Although climatologically opposed to Austria, Morocco shares the European nation’s utter austerity in this film. The vast expanses of desert, punctuated only by lonely roads and rail lines, and rimmed by distant bluffs and mountains, create a sense of profound isolation as Bond and Swann close in on SPECTRE’s heart, its secrets, and its mastermind.
Complimenting this aesthetic which disquiets via its bleakness, is a palpably ominous sense of dread that manifests itself immediately—the sentence “The dead are alive” displayed across a black screen opens the film—and only relents in the waning frames.
The opening credits are dominated by a massive black octopus whose tentacles writhe around Bond and various other people and objects as Sam Smith’s dolorous threnody keens in the background. At one point the octopus’ head becomes a skull to produce an image straight out of nightmare-land.
The element of horror, immediately and thoroughly established, remains an idee fixe. A meeting of SPECTRE agents in Rome, which serves as the introduction of both the main villain (played by Christoph Waltz), and the obligatory henchman (played by Dave Batista), is utterly chilling, and the horror is augmented by an act of shocking violence perpetrated by henchman Hinx on an unsuspecting SPECTRE agent.
Batista’s Hinx, incidentally, is easily the most frightening henchman in all of Bond cinema. He is a hulking and malign Teddy bear with an exceedingly nasty disposition. Hinx’s elemental fearsomeness comes to the fore in a fight with Bond on a train in which Bond actually shows fear and the viewer too fears that Bond cannot cope with the behemoth. The danger Hinx presents to Bond is completely convincing, and that makes all the difference.
And speaking of elements, fire, the infernal element, is a pronounced trope in SPECTRE. While being chased by Hinx in Rome, Bond’s tricked out Aston Martin disgorges gouts of flame at the pursuing car. During the train fight, Bond hurls a burning oil lamp, which explodes upon impact with Hinx, but ultimately does not deter him. And more disturbing, at various points in the film, cities in flame, victims of SPECTRE, can be seen on television monitors. The frequent use of fire—as opposed to mere explosions—adds hellishness to the film’s already disquieting aesthetic kit.
In this vein, we would be remiss not to mention a torture scene in which SPECTRE’s leader subjects a seemingly helpless Bond to the ministrations of a dental drill.
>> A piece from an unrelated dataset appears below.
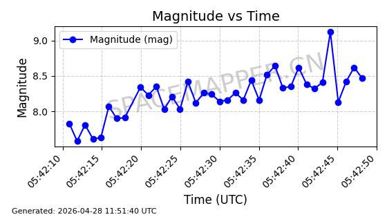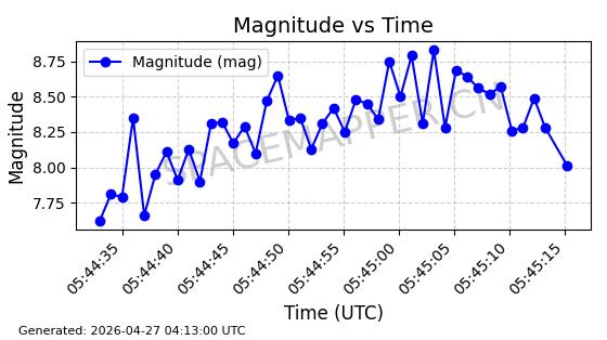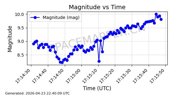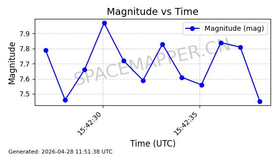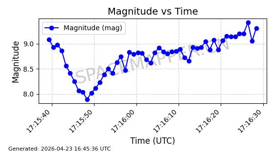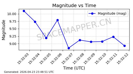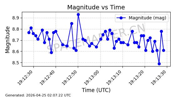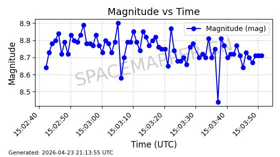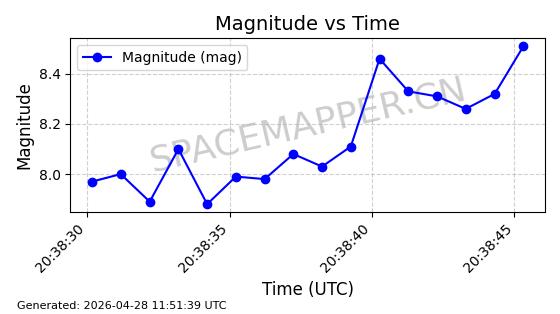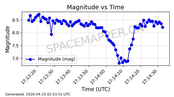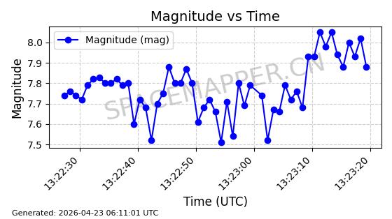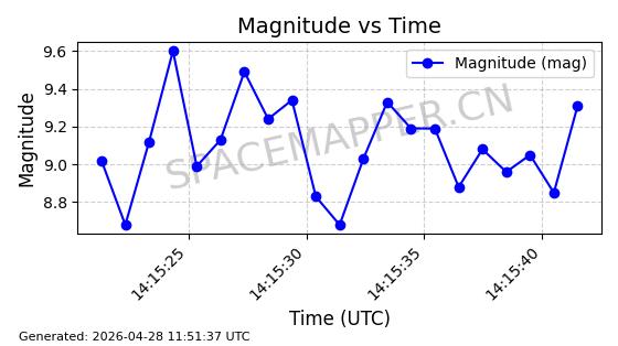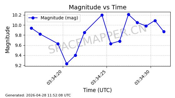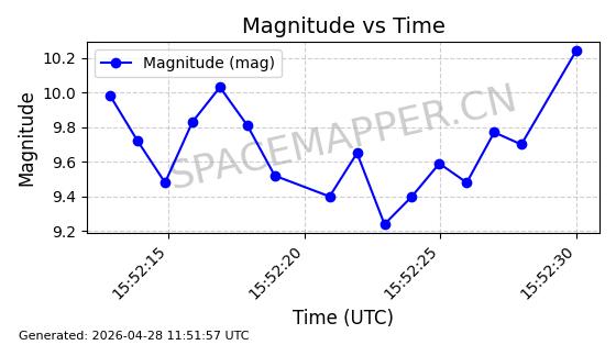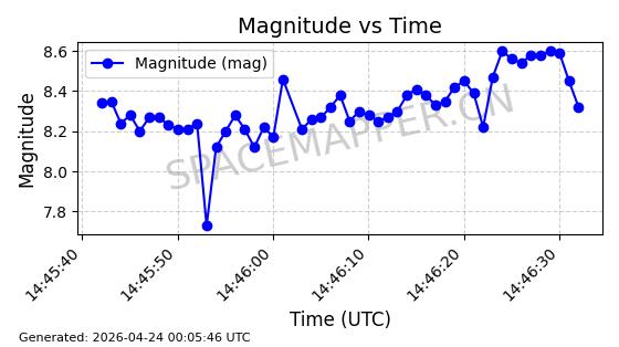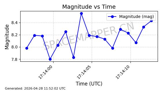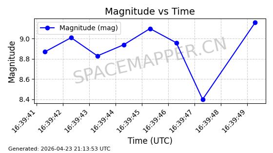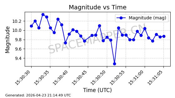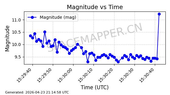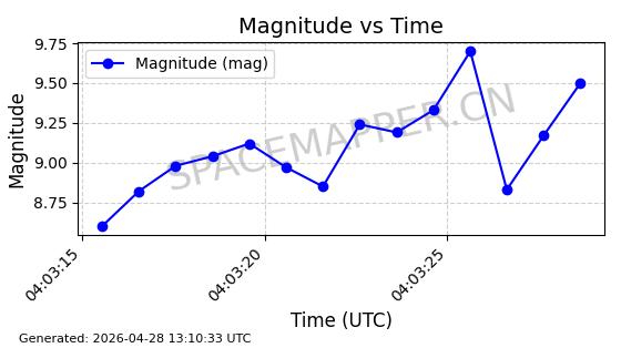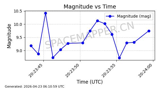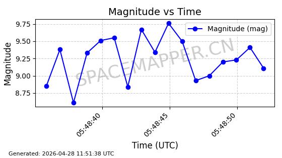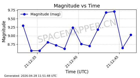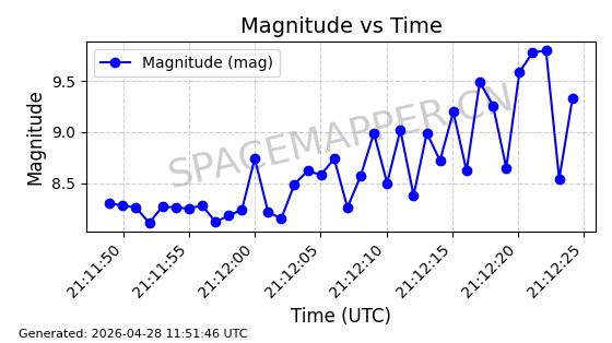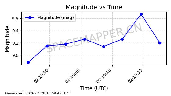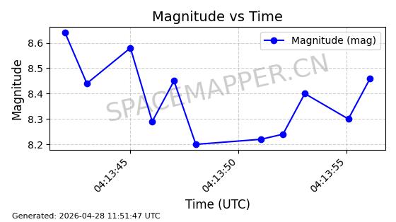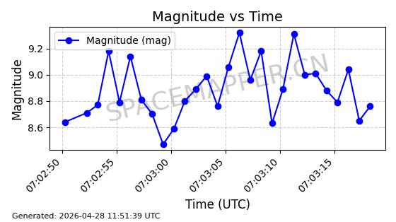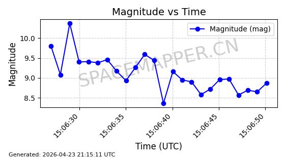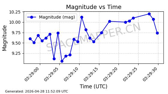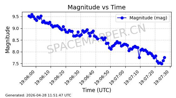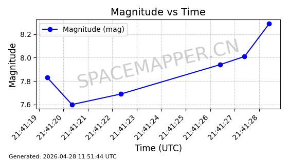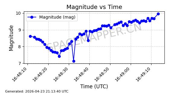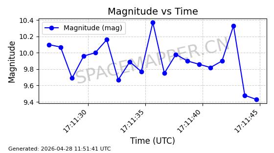 | ONEWEB-0239 | 48802 | 48802 | 2021-05-28 同日期轨道 2021-045AM 同批次轨道 | 在轨 | 109分钟 | 87.8947 | 1200.315 | 1203.229 | 0.0001922 | 2026-04-27 03:50:57 | ||

Warning: this sequence is not for the squeamish.
What this all adds up to is a Bond film which possesses all of the aesthetic polish and beauty that is a series hallmark, while also descending into bizarre and grisly horror. (Ian Fleming meets Edgar Allen Poe.) The result is a Bond film whose imagery impresses itself upon the viewer’s mind, and is not easily forgotten. And at the end of the day, that is what matters the most in this genre.